#### Stored data:
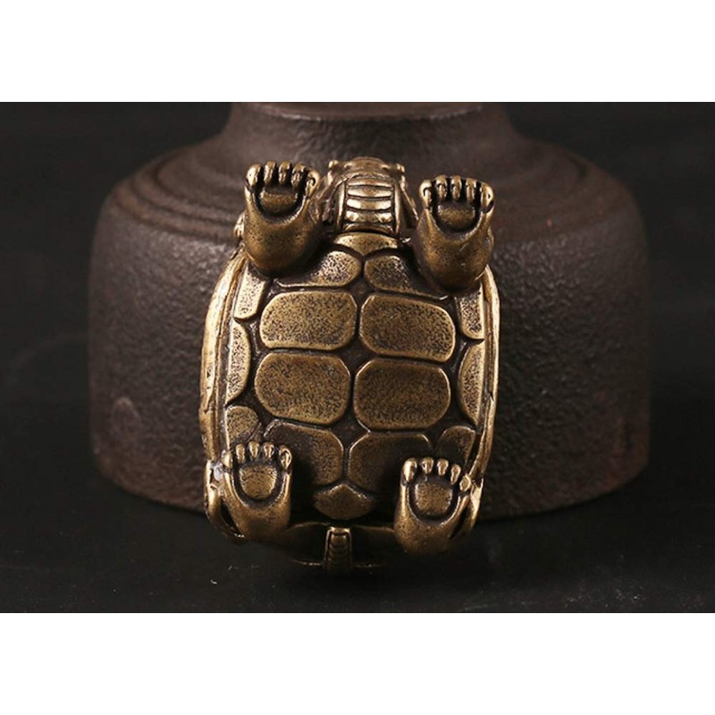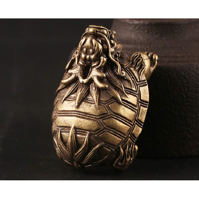 DMtse Chinese Feng Shui Brass Mini Cute Dragon Turtle Decor Statue Figurines Sculpture Collectibles for Avoiding Evil & Keeping Peace Gift Mascot
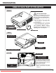 PREPARATION NAME OF EACH PART OF PROJECTOR FRONT EXHAUST VENTS HOT AIR EXHAUSTED ! Air blown from Exhaust Vents is hot. When using or installing projector, following precautions should be taken. ● Do not put any flammable object near these vents. ● Keep front grills at least 3’(1m) away from any object, especially heatsensitive objects. ● Do not touch this area, especially screws and metallic parts. This area will become hot while a projector is used.
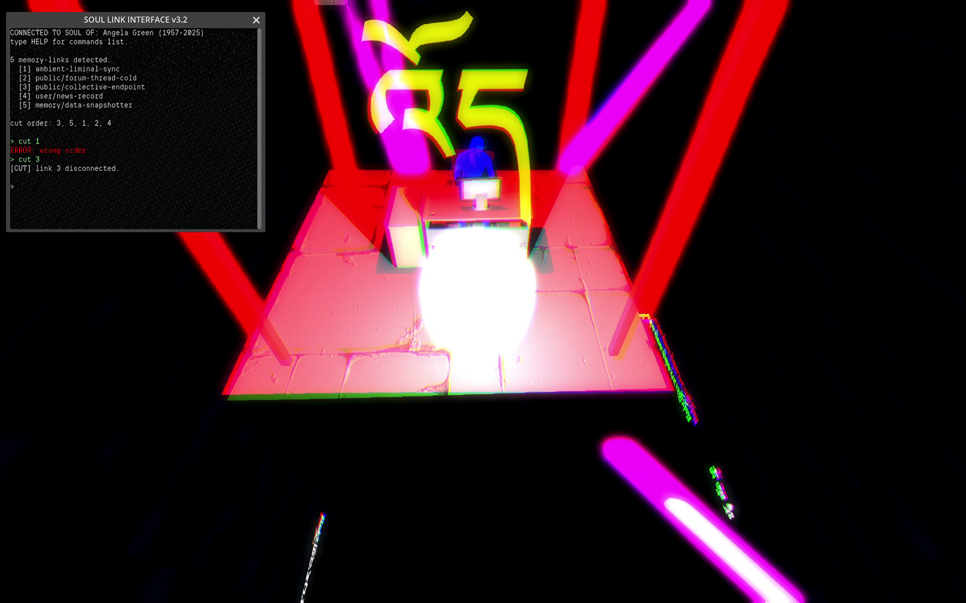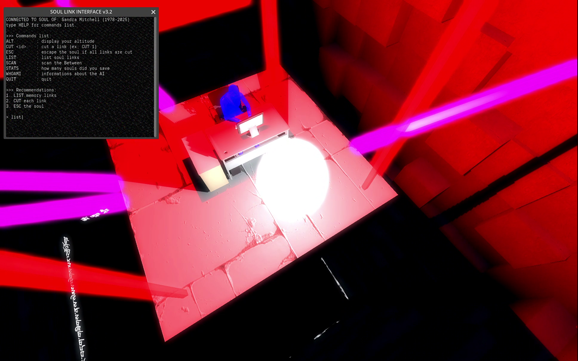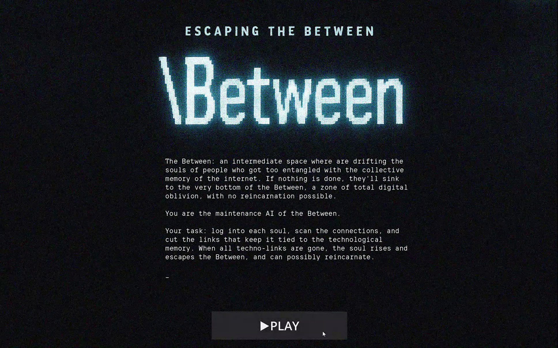 Your task: log into each soul, scan the connections, and cut the links that keep it tied to the technological memory. When all techno-links are gone, the soul rises and escapes the Between, and can possibly reincarnate.
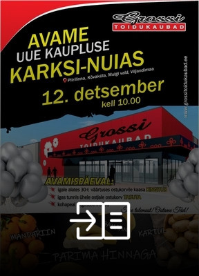 5, 10, 20 ning 30 euro väärtuses kinkekaardid on müügil kõigi Grossi Toidukaubad kaupluste kassades.
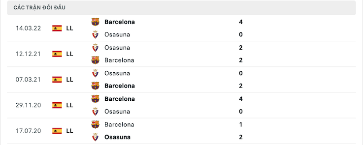 Lịch sử đối đầu của Osasuna vs Barcelona

#### Problem to solve:
Your task is to repeat the listing exactly while omitting its pictures.

#### Result below:
 DMtse Chinese Feng Shui Brass Mini Cute Dragon Turtle Decor Statue Figurines Sculpture Collectibles for Avoiding Evil & Keeping Peace Gift Mascot
 PREPARATION NAME OF EACH PART OF PROJECTOR FRONT EXHAUST VENTS HOT AIR EXHAUSTED ! Air blown from Exhaust Vents is hot. When using or installing projector, following precautions should be taken. ● Do not put any flammable object near these vents. ● Keep front grills at least 3’(1m) away from any object, especially heatsensitive objects. ● Do not touch this area, especially screws and metallic parts. This area will become hot while a projector is used.
 Your task: log into each soul, scan the connections, and cut the links that keep it tied to the technological memory. When all techno-links are gone, the soul rises and escapes the Between, and can possibly reincarnate.
 5, 10, 20 ning 30 euro väärtuses kinkekaardid on müügil kõigi Grossi Toidukaubad kaupluste kassades.
 Lịch sử đối đầu của Osasuna vs Barcelona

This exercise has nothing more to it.